Qualche giorno fa Alessandro Leipold su Il Sole 24 Ore
analizzava le cause della nostra crisi. Una vecchia storia. Negli ultimi 30
anni (circa) l'Italia è stata sempre in crisi: più o meno grave. Molto
attentamente, Leipold rilevava che già nel 1970 Giudo Carli parlava di
"lacci e lacciuoli" che ingabbiavano come una morsa la nostra
economia. La frase "lacci e lacciuoli" non era però di Carli bensì fu
coniata qualche anno addietro da Luigi Enaudi; entrambi però si riferivano ai
numerosi vincoli che soffocavono la nostra economia e ne riducevano il
potenziale. Vincoli ed ostacoli del tutto domestici che, come ha affermato
Leipold, sono "zavorre accuratamente made in Italy". Ad esempio il
costo della pubblica amministrazione e l'inefficienza della stessa; l'intreccio
di caste corporative; la regolamentazione bizantina del mercato del lavoro; il
fardello del debito pubblico. Per fare solo alcuni esempi. Ma noi guardiamo
sempre altrove, mai in noi stessi. Mai un'autocritica dalla quale partire per
rinnovare. Veramente e concretamente. Le cause della crisi (ennesima!) sono sempre
al di fuori dei nostri confini. I vincoli europei…i compiti a casa. L'Unione
europea è il capro espiatorio, da "demonizzare", da condannare tout
court senza appello. Soprattutto senza sapere. Questo atteggiamento, molto in
voga negli ultimi anni, è stato alimentato non soltanto dagli euroscettici (che
per carità hanno tutto il diritto di farlo), ma anche da persone (mi riferisco
in particular modo a politici) che euroscettiche non sono. Quante volte abbiamo
sentito la frase: "ce lo impone l'UE" oppure "è un obbligo
comunitario" talvolta impropriamente affermato. Certo l'UE costituisce una
grande valvola di sfogo soprattutto per i governi nazionali; quail che siano. E
specialmente i nostri governi degli ultimi anni. E' chiaro che l'ordinamento
giuridico UE determina delle regole che si applicano nel territorio UE,
precisamente, 28 Stati e più di 500 milioni di persone. Regole che devono
essere rispettate da tutti pena una disparità di trattamento e la violazione
del principio costituzionale di non discriminazione. A ciò vigila sul piano
politico la Commissione sul piano giurisdizionale la Corte di giustizia. Se ciò
non avviene si verifica la "rottura del patto" e la violazione della
leale collaborazione, altro principio costituzionale. Ciò detto, è altresì
chiaro che la governance dell'UE può e deve essere migliorata; soprattutto la
gestione della moneta comune (che lo ricordo gode nei Trattati, ed al di fuori
di questi, di una disciplina particolare), che gli addetti ai lavori ben
criticano già dalla sua nascita nel 1992 Trattato di Maastricht. L'ordinamento
UE non è perfetto ed è quindi perfettibile. Lo comprendo una legislazione
sconosciuta che promana da un sistema sconosciuto non comprensibile. Ma accettabile
e influenzabile nelle sedi opportune; prima che le "leggi europee"

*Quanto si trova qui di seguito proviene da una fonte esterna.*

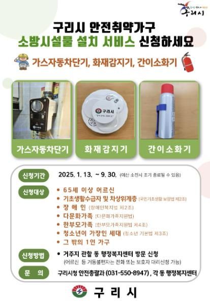 백경현 구리시장은 “65세 이상 홀로 어르신 등 안전취약가구를 대상으로 소방시설물을 보급하여, 가스·화재사고로 인한 인명 피해를 방지하고 생활안전 관리에 소외되는 분들이 없도록 꼼꼼히 살펴 지원하겠다.”라고 전했다.
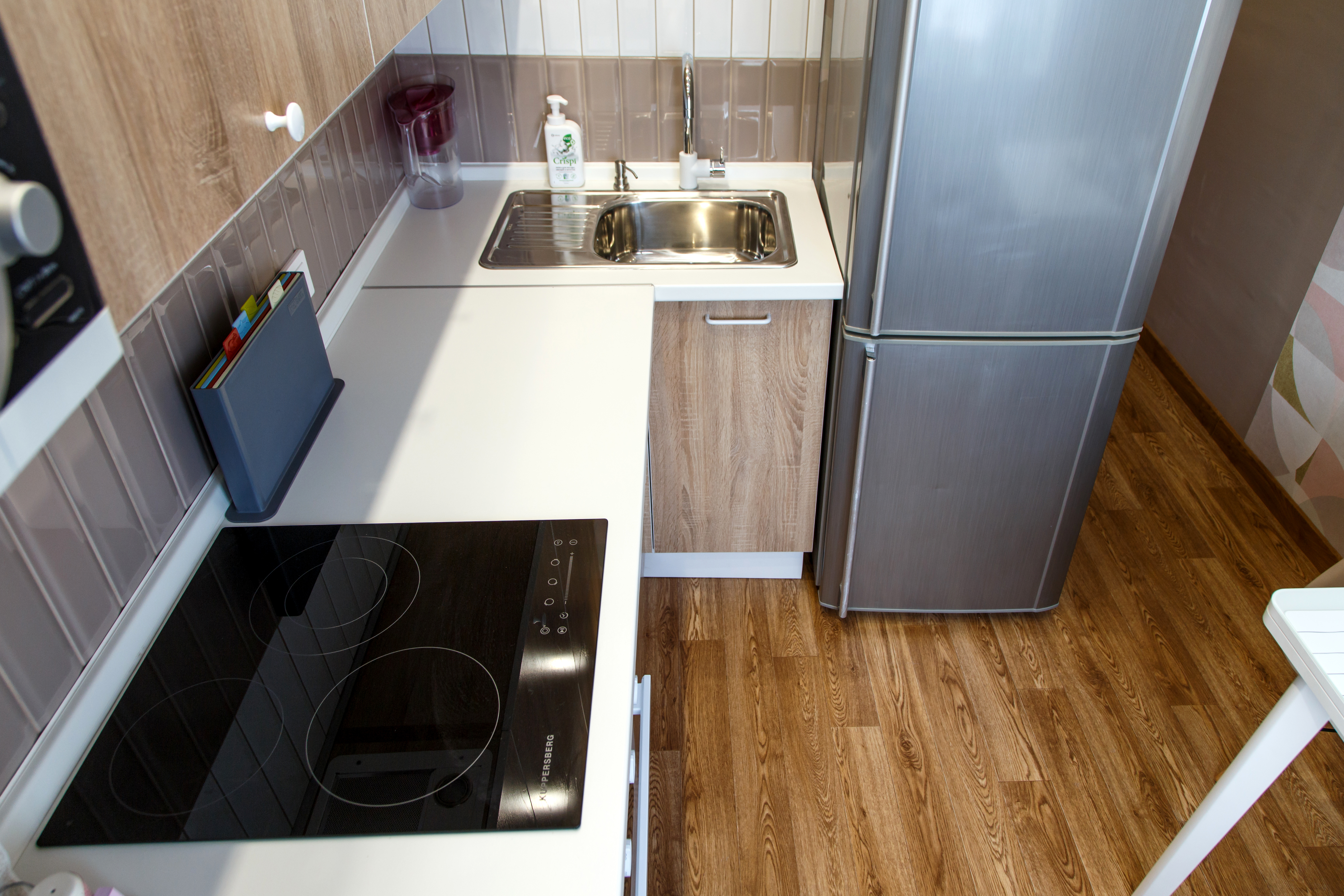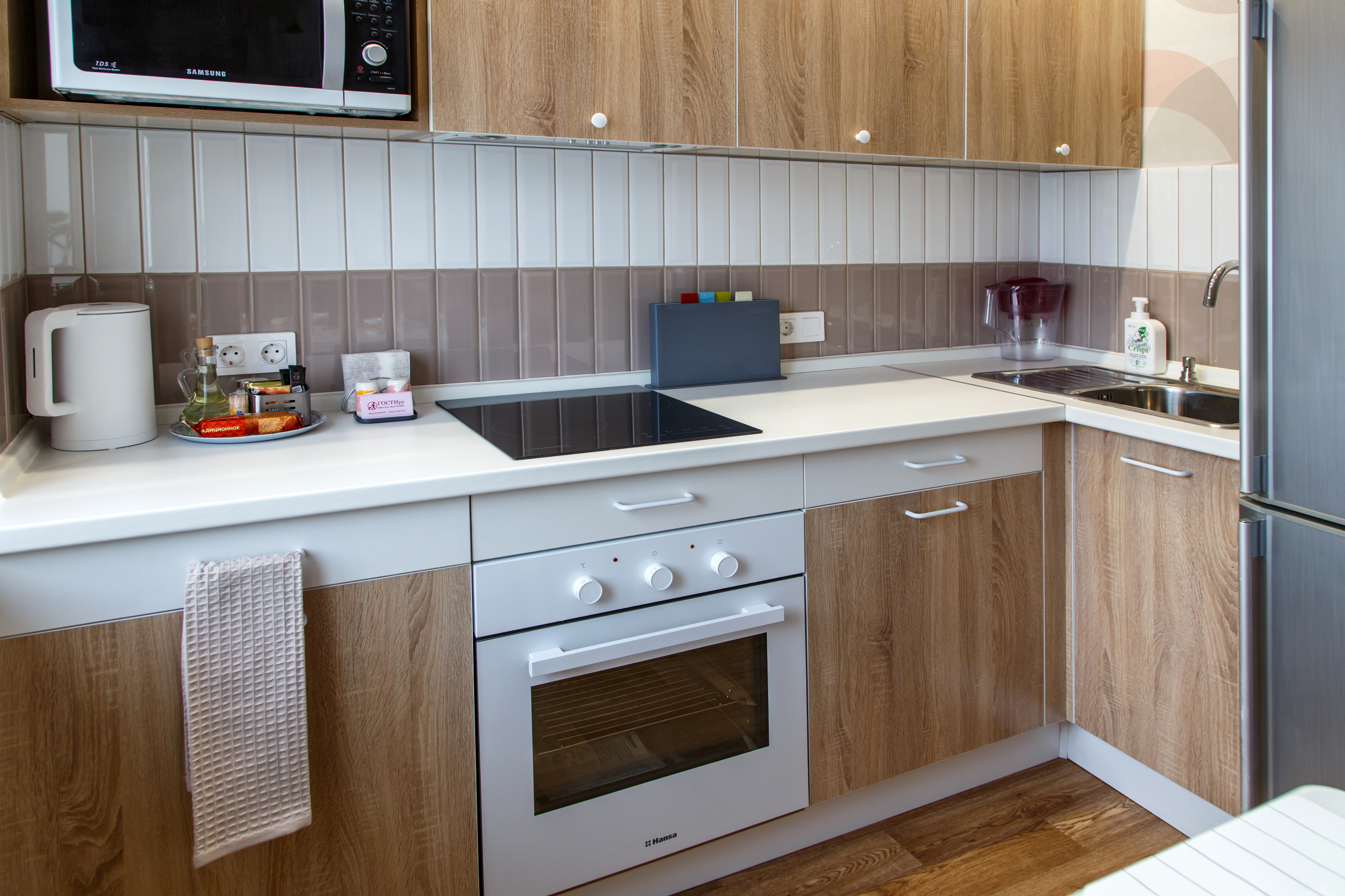 - Холодильник, плита с духовкой, микроволновая печь, чайник, стиральная машина, обеспечат Ваш комфорт. Есть водонагреватель.

siano adottate. Il parlamento europeo è l'unica istituzione chef a i nostri
interessi, al di là dei governi e degli Stati. E la prossima votazione europea
è l'occasione buona per invire parlamentri seri e preparati. Al di la del
colore politico di ciascuno. Stare insieme agli altri cittadini europei, agli
altri Stati membri, nell'esercizio delle competenze condivise è una necessità
ineludibile. Quindi, anche un'occasione per darci definitivamente una regolata
al nostro modo di essere e rispettare (anche) gli impegni europei. Come
d'altronde fanno gli altri 27 Stati.